Each line of the data below between the one containing "4. 달걀은 프라이하여 얹고 샐러드 채소를 올린 후 치즈를 뿌린다. <br />" and the one containing "Delaware. $1000 Specimen", both included, is to be repeated exactly. Please omit pictures.

Working data:
***
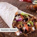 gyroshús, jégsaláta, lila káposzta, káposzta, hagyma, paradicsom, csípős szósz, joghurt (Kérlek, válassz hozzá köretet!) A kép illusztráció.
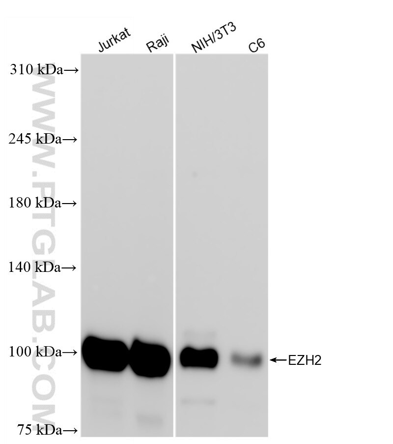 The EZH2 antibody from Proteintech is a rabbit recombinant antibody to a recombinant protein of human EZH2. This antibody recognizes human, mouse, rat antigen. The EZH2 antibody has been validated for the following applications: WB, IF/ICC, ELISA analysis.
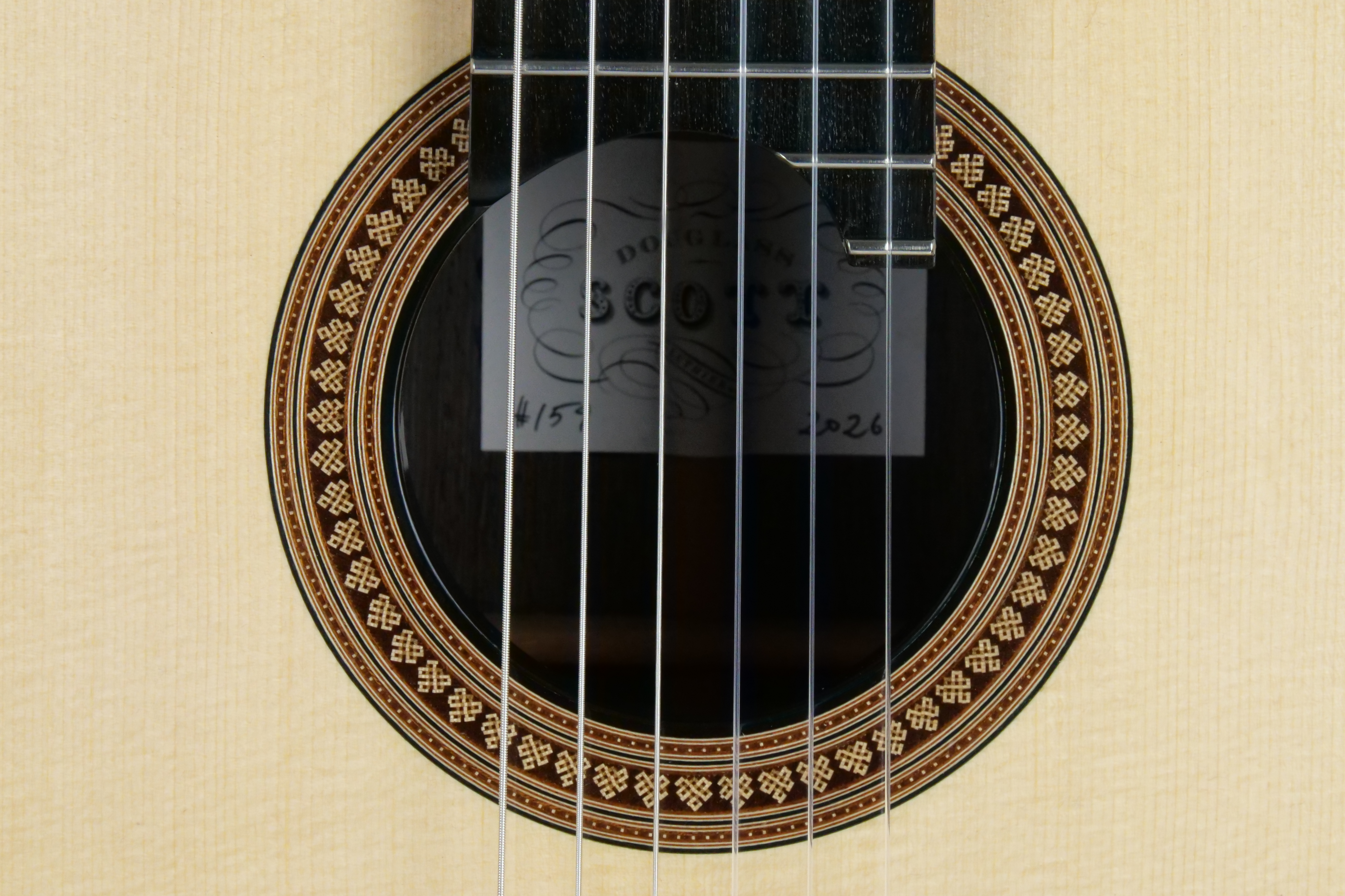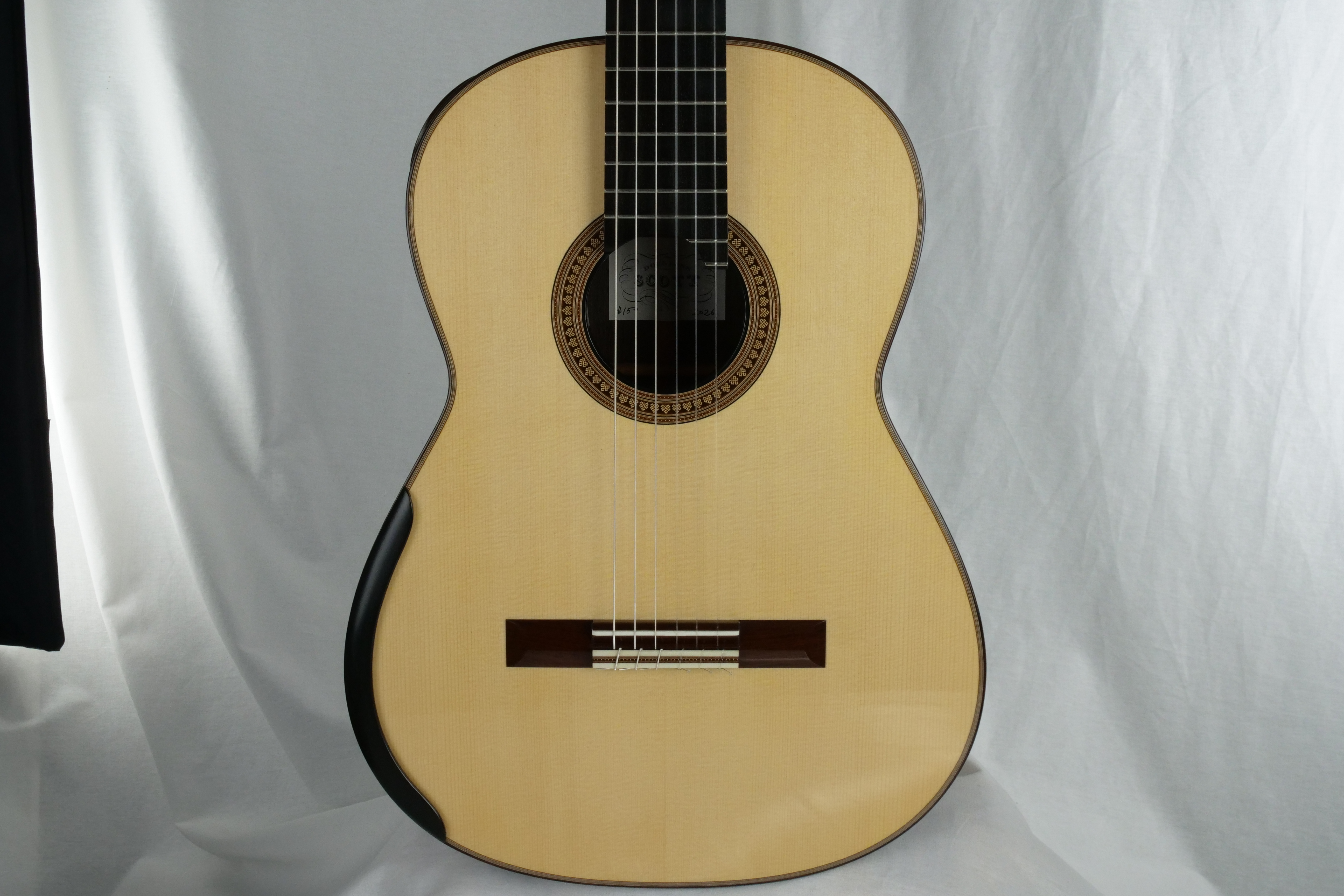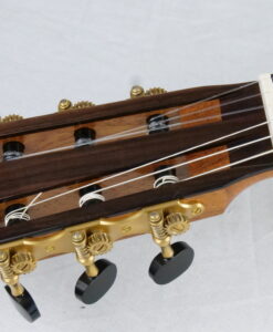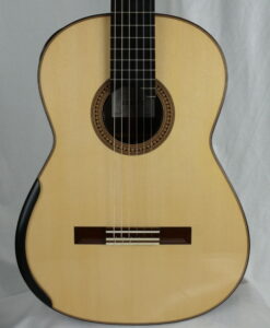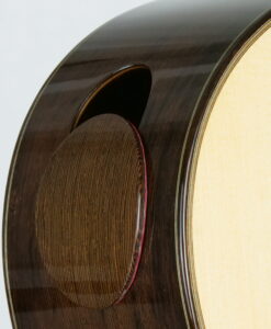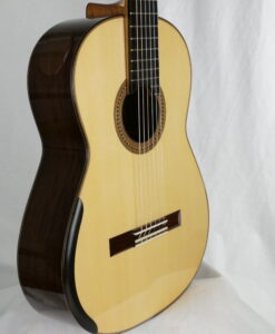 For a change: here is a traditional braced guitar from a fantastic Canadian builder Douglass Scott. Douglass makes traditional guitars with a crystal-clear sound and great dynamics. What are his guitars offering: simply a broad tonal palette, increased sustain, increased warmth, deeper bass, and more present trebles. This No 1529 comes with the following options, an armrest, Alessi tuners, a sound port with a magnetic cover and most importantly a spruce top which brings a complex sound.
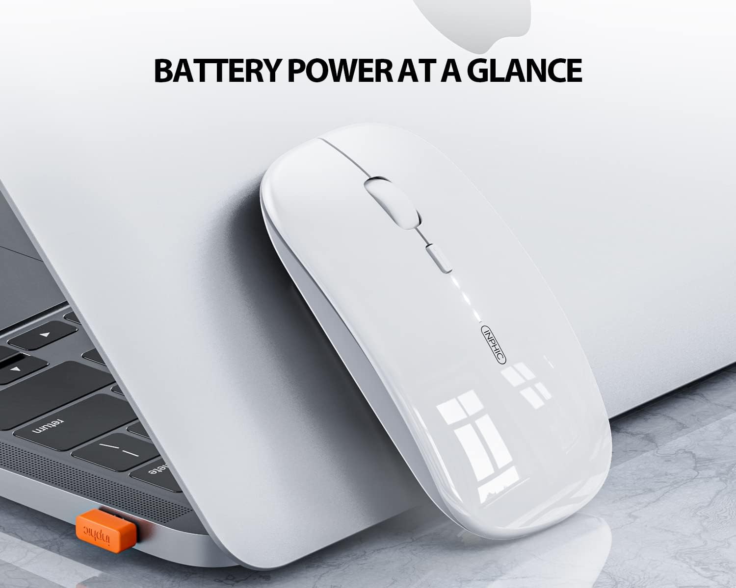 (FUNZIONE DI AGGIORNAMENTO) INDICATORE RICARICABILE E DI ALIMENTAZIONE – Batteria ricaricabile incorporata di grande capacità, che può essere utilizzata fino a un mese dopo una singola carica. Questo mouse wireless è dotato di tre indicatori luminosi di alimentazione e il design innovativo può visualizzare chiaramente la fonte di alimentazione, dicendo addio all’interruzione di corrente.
***
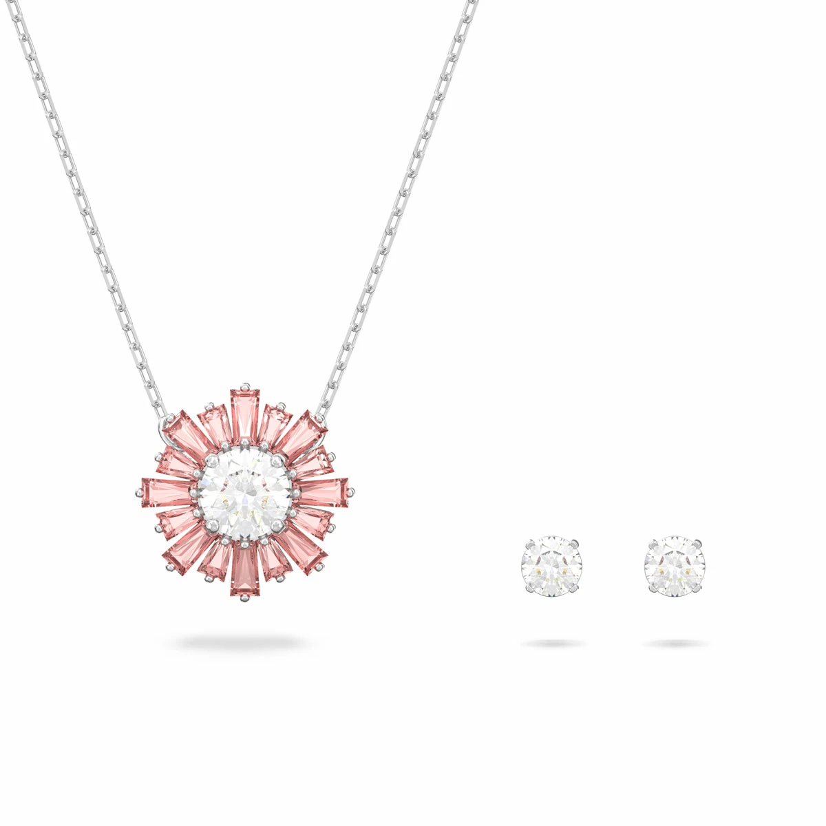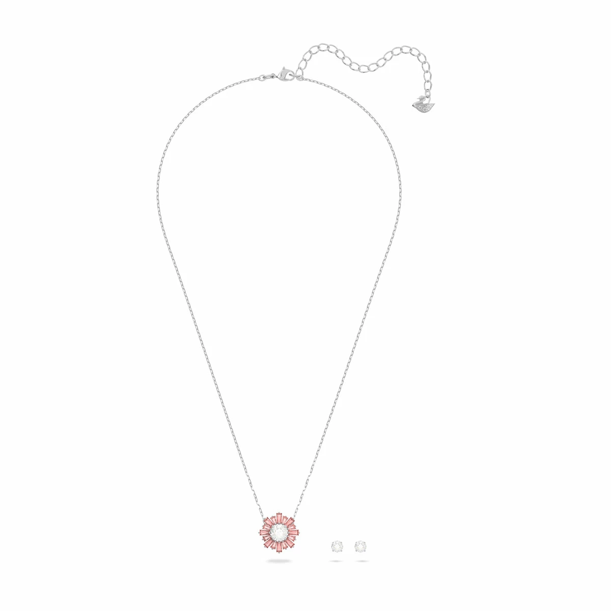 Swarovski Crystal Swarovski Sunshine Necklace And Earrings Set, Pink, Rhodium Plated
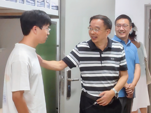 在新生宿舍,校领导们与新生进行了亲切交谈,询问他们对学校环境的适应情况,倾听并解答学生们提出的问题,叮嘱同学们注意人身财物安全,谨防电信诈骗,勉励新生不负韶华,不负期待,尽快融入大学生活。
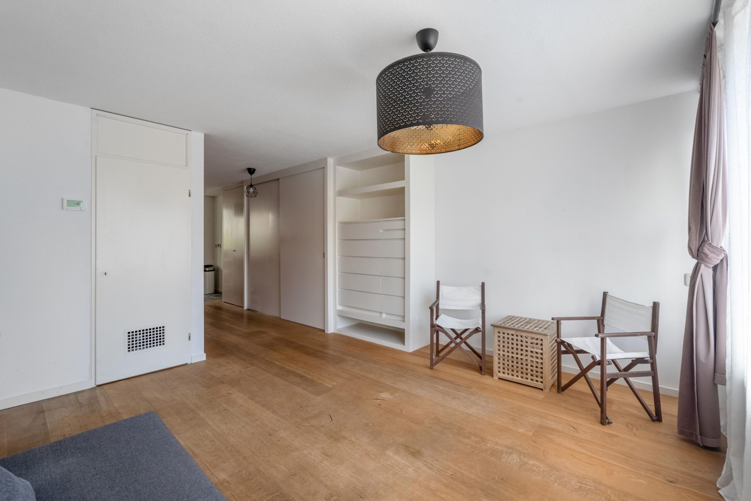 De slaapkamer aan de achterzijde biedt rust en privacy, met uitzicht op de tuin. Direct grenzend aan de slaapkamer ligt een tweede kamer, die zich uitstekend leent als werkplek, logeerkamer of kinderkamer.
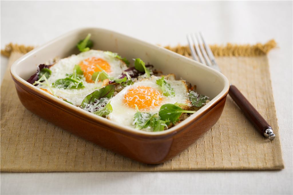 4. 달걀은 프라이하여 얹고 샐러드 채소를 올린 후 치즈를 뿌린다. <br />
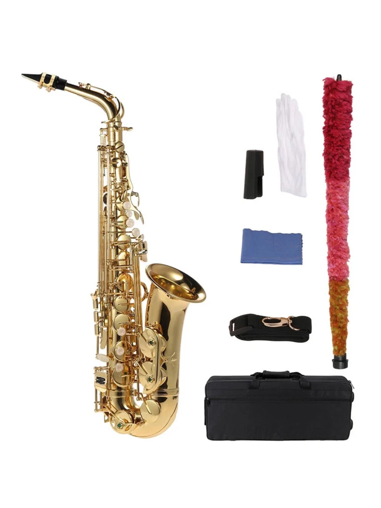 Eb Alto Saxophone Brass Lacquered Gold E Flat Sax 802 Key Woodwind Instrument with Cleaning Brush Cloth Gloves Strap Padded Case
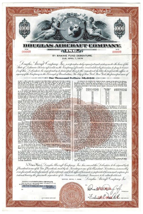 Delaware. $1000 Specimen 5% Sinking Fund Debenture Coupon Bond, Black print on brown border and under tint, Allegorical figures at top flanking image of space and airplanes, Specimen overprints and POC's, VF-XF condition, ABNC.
***
Answer to this task:
 4. 달걀은 프라이하여 얹고 샐러드 채소를 올린 후 치즈를 뿌린다. <br />
 Eb Alto Saxophone Brass Lacquered Gold E Flat Sax 802 Key Woodwind Instrument with Cleaning Brush Cloth Gloves Strap Padded Case
 Delaware. $1000 Specimen 5% Sinking Fund Debenture Coupon Bond, Black print on brown border and under tint, Allegorical figures at top flanking image of space and airplanes, Specimen overprints and POC's, VF-XF condition, ABNC.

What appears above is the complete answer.